Similarly, [1] stated that the origin and scale between ITRF2014 and ITRF2008 are less than 5 mm. Therefore, the transformation parameters for ITRF2014 as developed in this study are also valid since the difference is within 5 mm.

5 Conclusions and recommendations

In this study, time-dependent geocentric datum transformation parameters for Nigeria using the NigNet tracking stations have been developed. The accuracy, precision and reliability of the transformation parameters using the R2, RMSE, NMAE and RI statistics validate the transformation parameters developed in this study. Also the origin and scale differences between ITRF2008 and ITRF2014 found to be within 5 mm also portray the reliability of the transformation parameters.

The significance of these results is fundamental in providing a variety of applications in areas such as geophysical hazard monitoring and assessment, sea-level monitoring, mining engineering, location based services, land boundary definition (international and local boundaries), environmental mapping, navigation, civil engineering and cadastral applications.

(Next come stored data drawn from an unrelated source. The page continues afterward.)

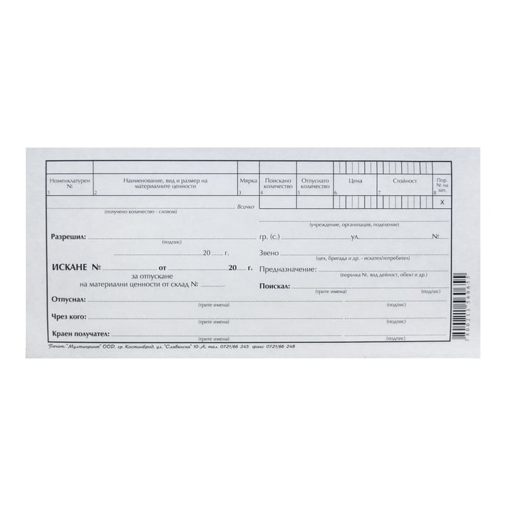 Искане за отпускане на материални ценности, 1 ред, химизирано, 100 листа
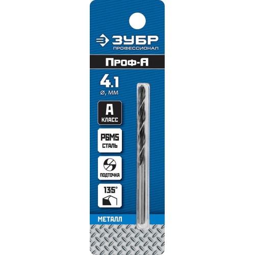 Сверло ЗУБР 29621-4.1, предназначено для обработки легированных и углеродистых сталей с пределом прочности до 900 Н/мм², цветных металлов, серого чугуна и пластмассы. Качественное сверло с высоким ресурсом. Изготовлено методом винтового проката по ГОСТ 10902-77 и соответствует классу точности "В". Угол заточки 118 градусов позволяет обрабатывать легированные и углеродистые стали.
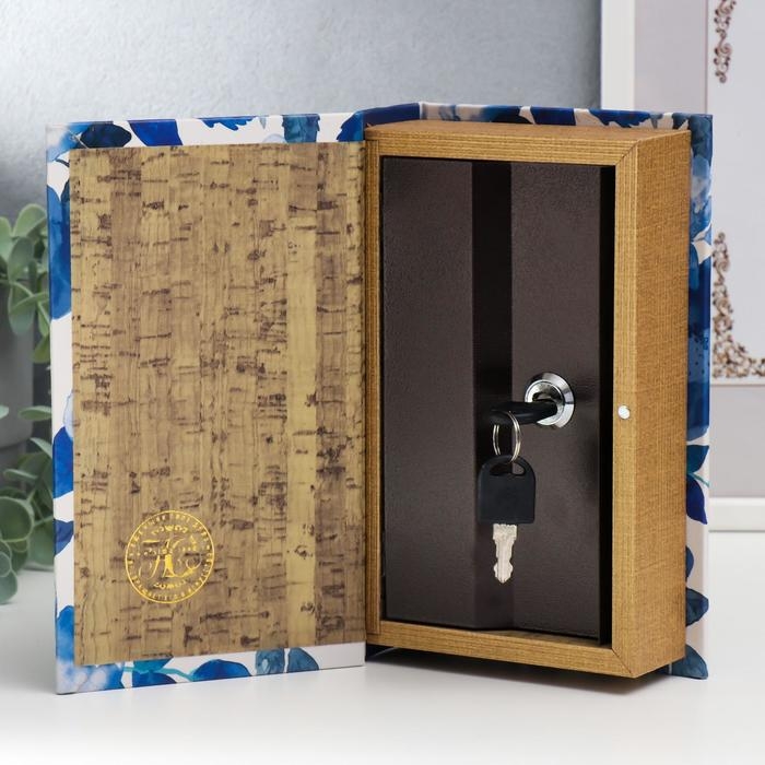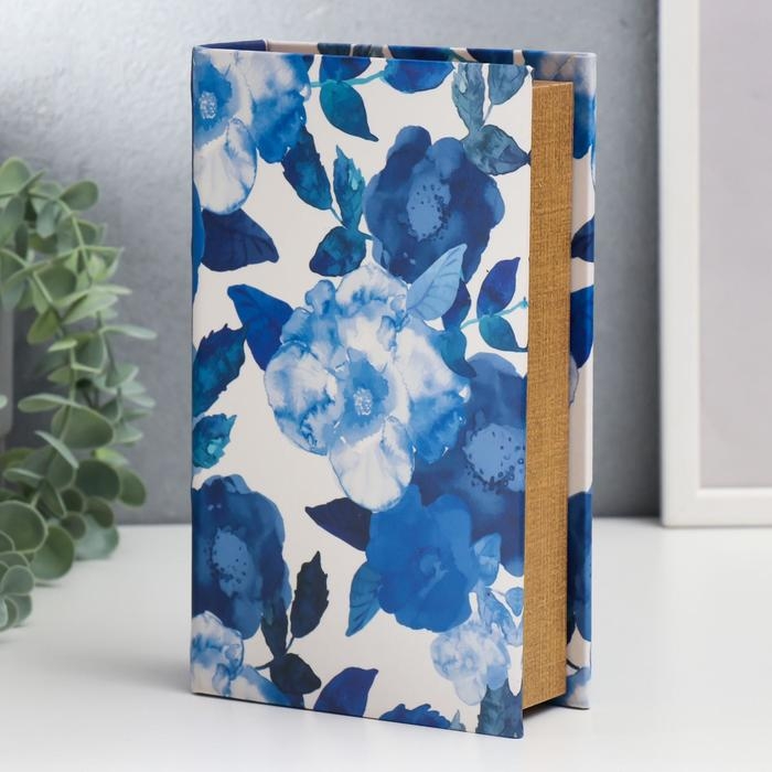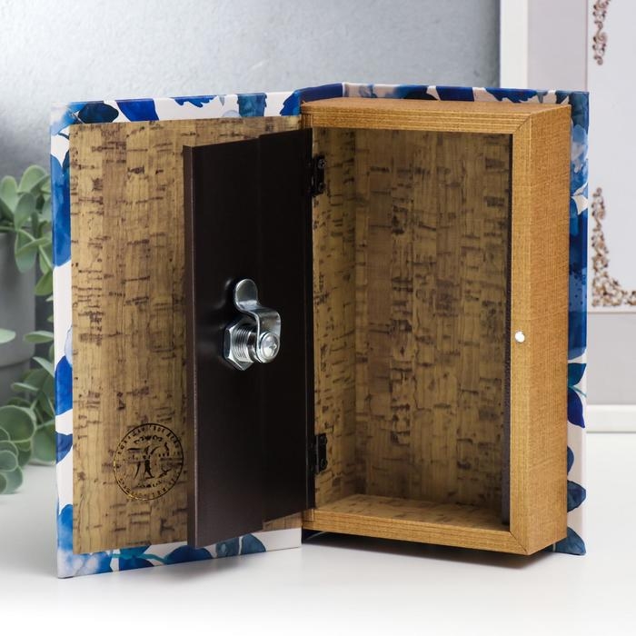 Сейф-книга дерево кожзам "Синие цветы. Акварель" 21х13х5 см
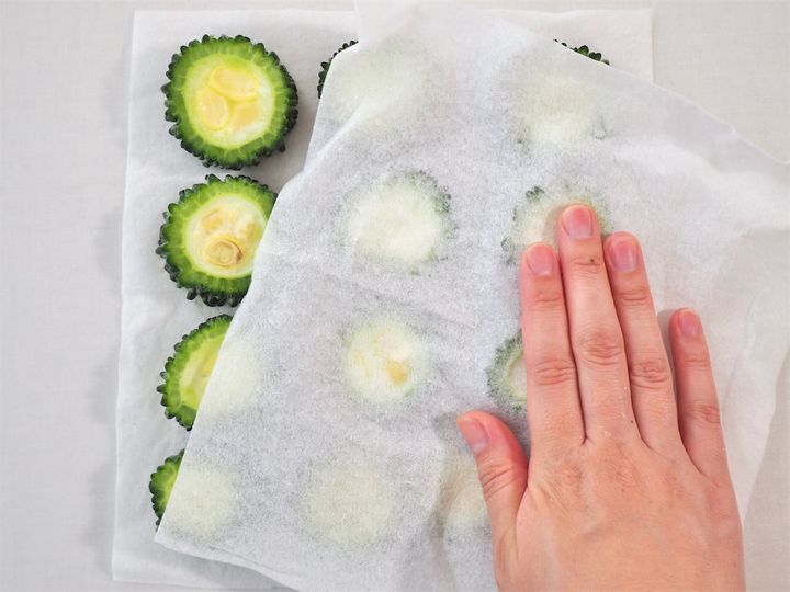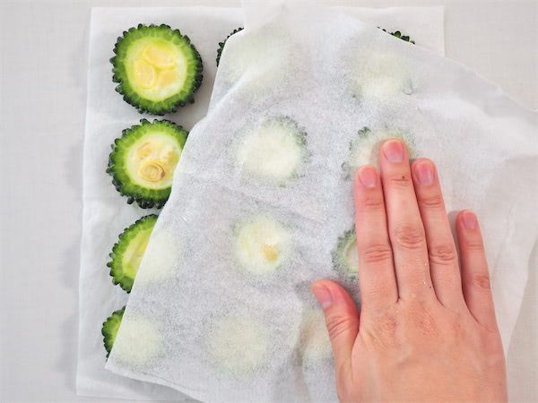 3. 10分経ったらゴーヤをキッチンペーパーの上に並べ、挟み込むようにして滲み出た余分な水分を取っていく。
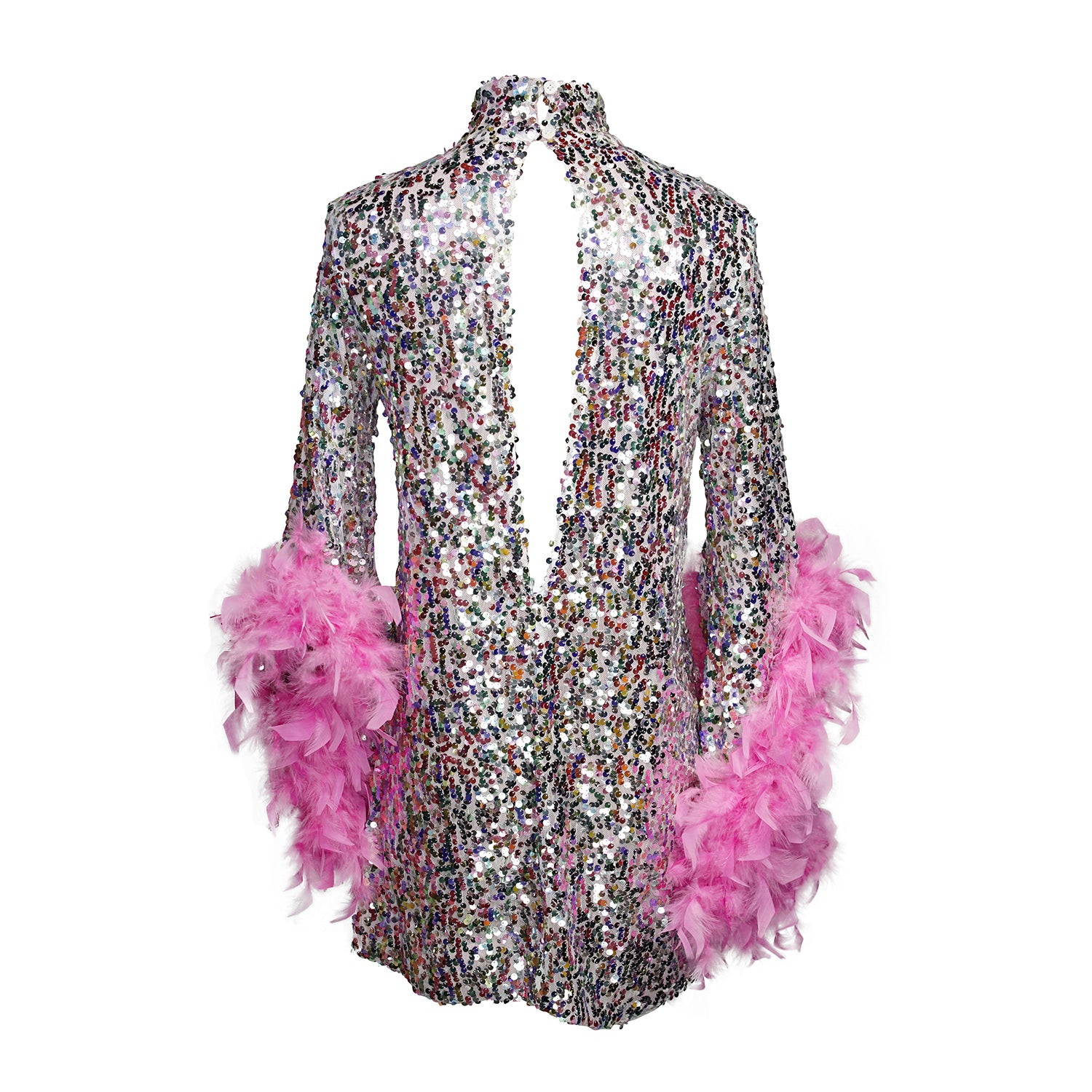 This shimmering rainbow of pastels mod mini dress has it all - glittering sequins, delicate mock neck, and long bell sleeves cuffed with rich pink feathers. An ode to the bold expression of the 1960s, this piece is a statement addition to any wardrobe.
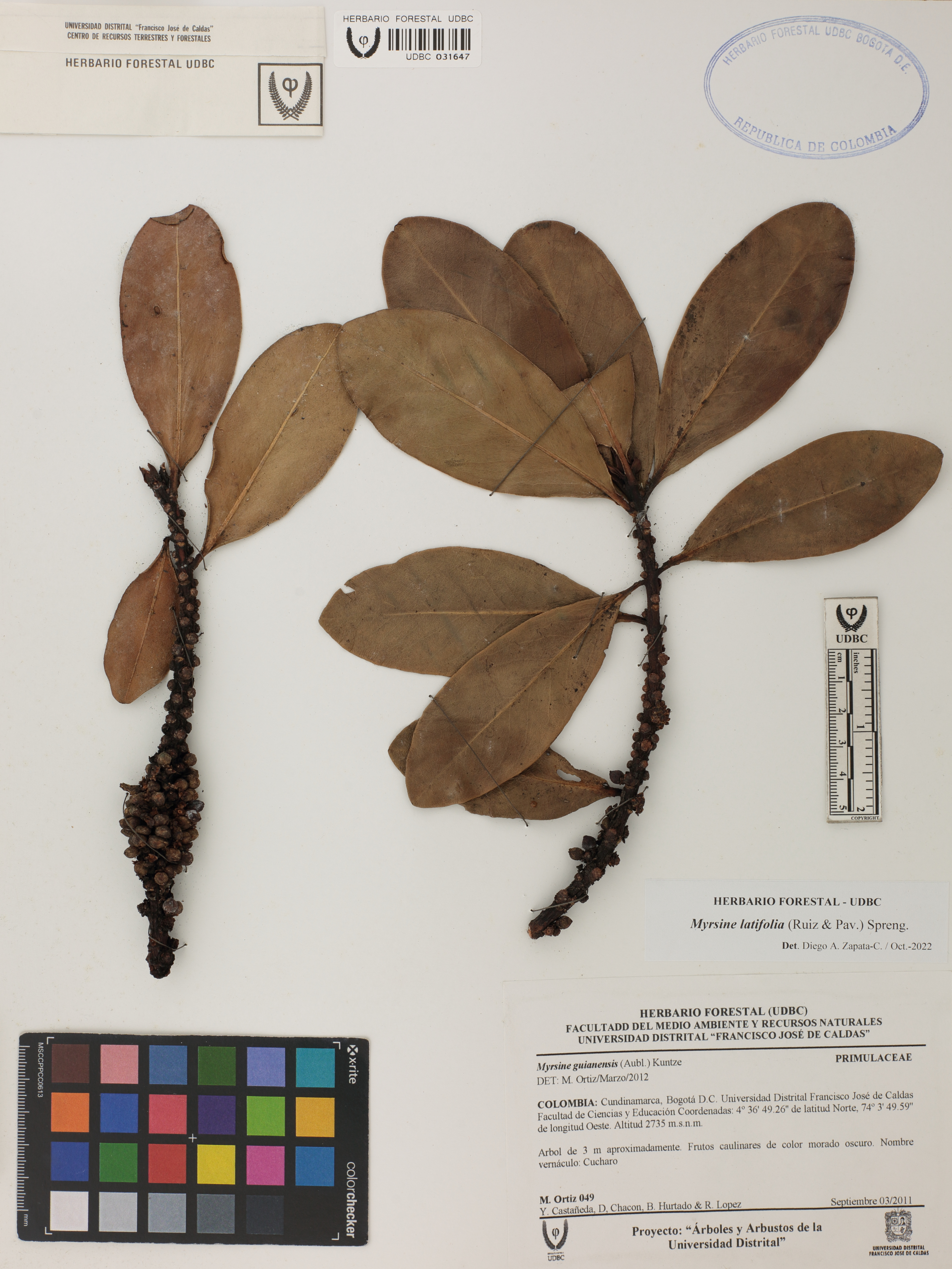 | dc.description | Fotografía del ejemplar Ortiz, M. 49, determinado como Myrsine latifolia en el año 2022 | |
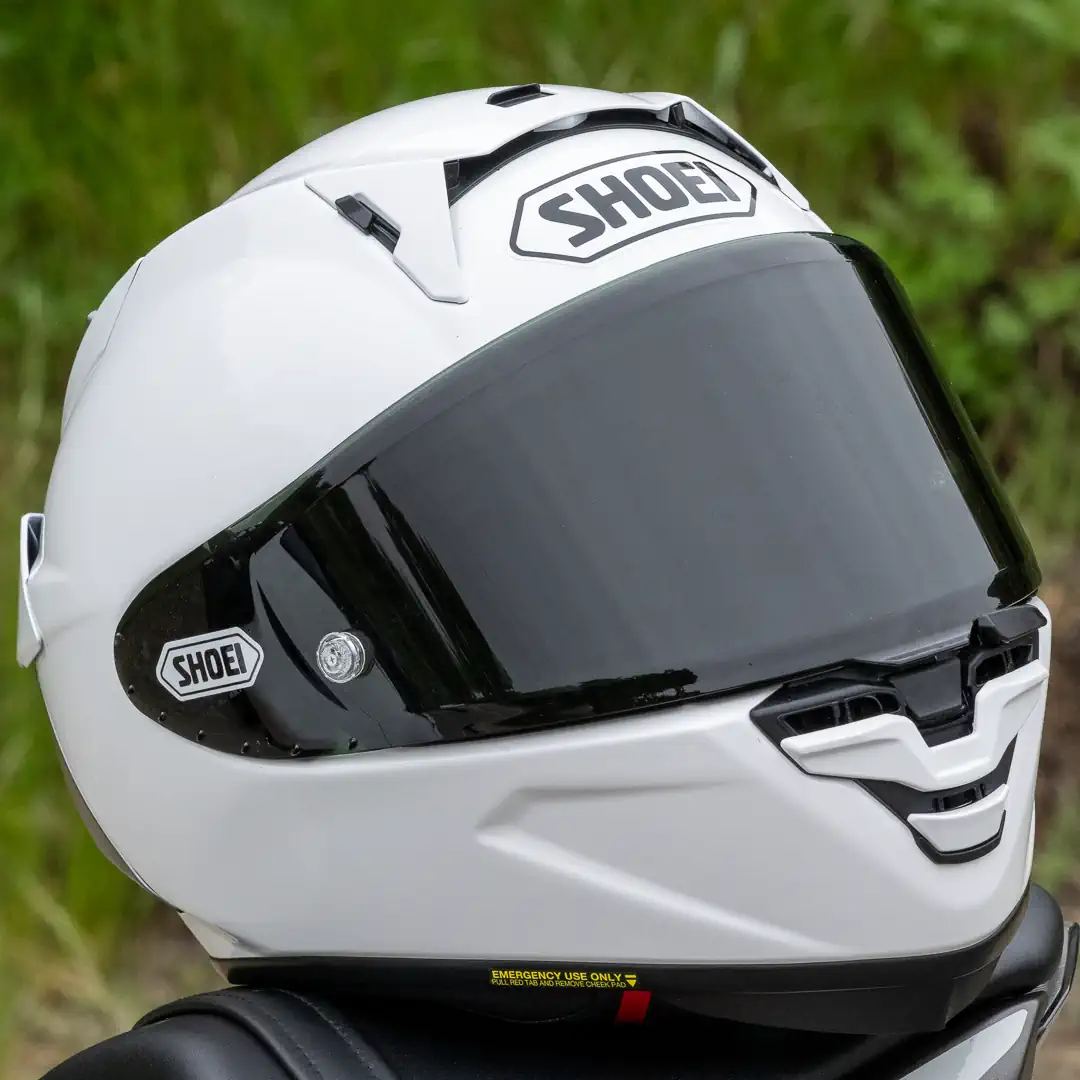 The optically correct shield uses small vortex generators molded into the shield’s sides help manage airflow around the face shield area, contributing to reduced wind noise and improved aerodynamic stability. Shoei reworked the eyeport shape to provide an additional 5mm of upper field of view without altering the helmet’s fit. In practical terms, that gives riders a better view of corner exits and braking markers when they’re assuming an aggressive riding position.
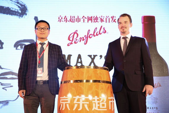 5月4日,京東紅酒戰略發布會暨第三屆京東國際紅酒節啟動儀式在京舉行。發布會上,京東商城消費品事業部酒類采銷部總經理王志強與奔富品牌大使Ewan Proctor共同揭幕奔富新品——“麥克斯經典”,同時宣布將由京東超市全網獨家首發。
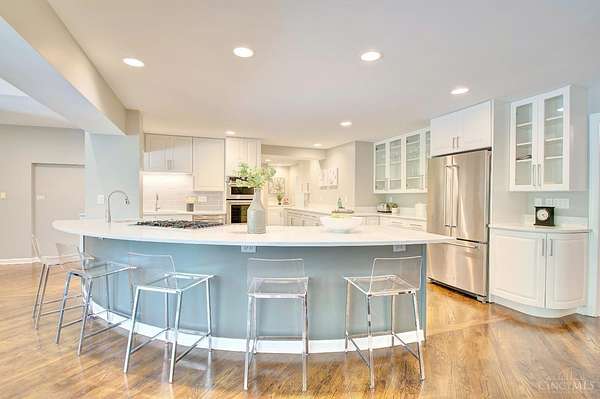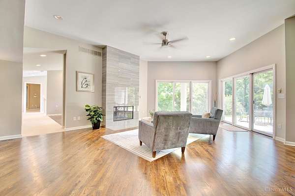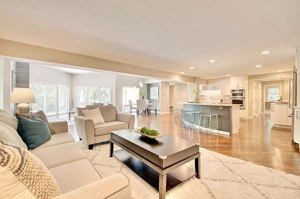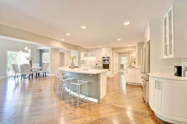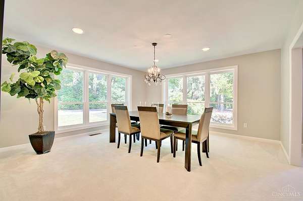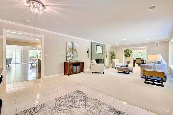 Sprawling 8200 sqft ranch nestled on 3 acres in prestigious Indian Hill. This beautifully designed home is where modern elegance meets everyday comfort. With Seven bdrms, 6.5 baths, 2 kitchens, and 2 laundry rooms, there's room for everyone to live, relax, and entertain in style. Clean lines and a sleek, contemporary feel flow throughout, complemented by warm touches like 5 gas fireplaces including a stunning dual-sided FP and a classic wood-burning fireplace. The spacious open kitchen is flooded with daylight from the wall of windows with a hearth room that invites gathering. The primary suite is a serene retreat with a luxurious bath, dressing room, huge WIC. All new Pella windows bring in natural light and energy efficiency. Added perks include surround sound, 3 HVACs, 2 attic fans, new circular driveway. The covered patio and flat private rear yard has endless potential. This is a rare opportunity in one of Ohio's most desired neighborhoods.

Based on the results of the study, the followings are hereby recommended:

  1. 1.

    The current trend by many countries is the realization of geocentric datum based on ITRF realization. Since the old MINNA datum is filled with many deficits, Nigeria should adopt the ITRF-based geocentric datum.

  2. 2.

    There should be awareness within the geospatial community on the need to move away from the old MINNA datum. This is a task vested on geospatial stakeholders such OSGoF.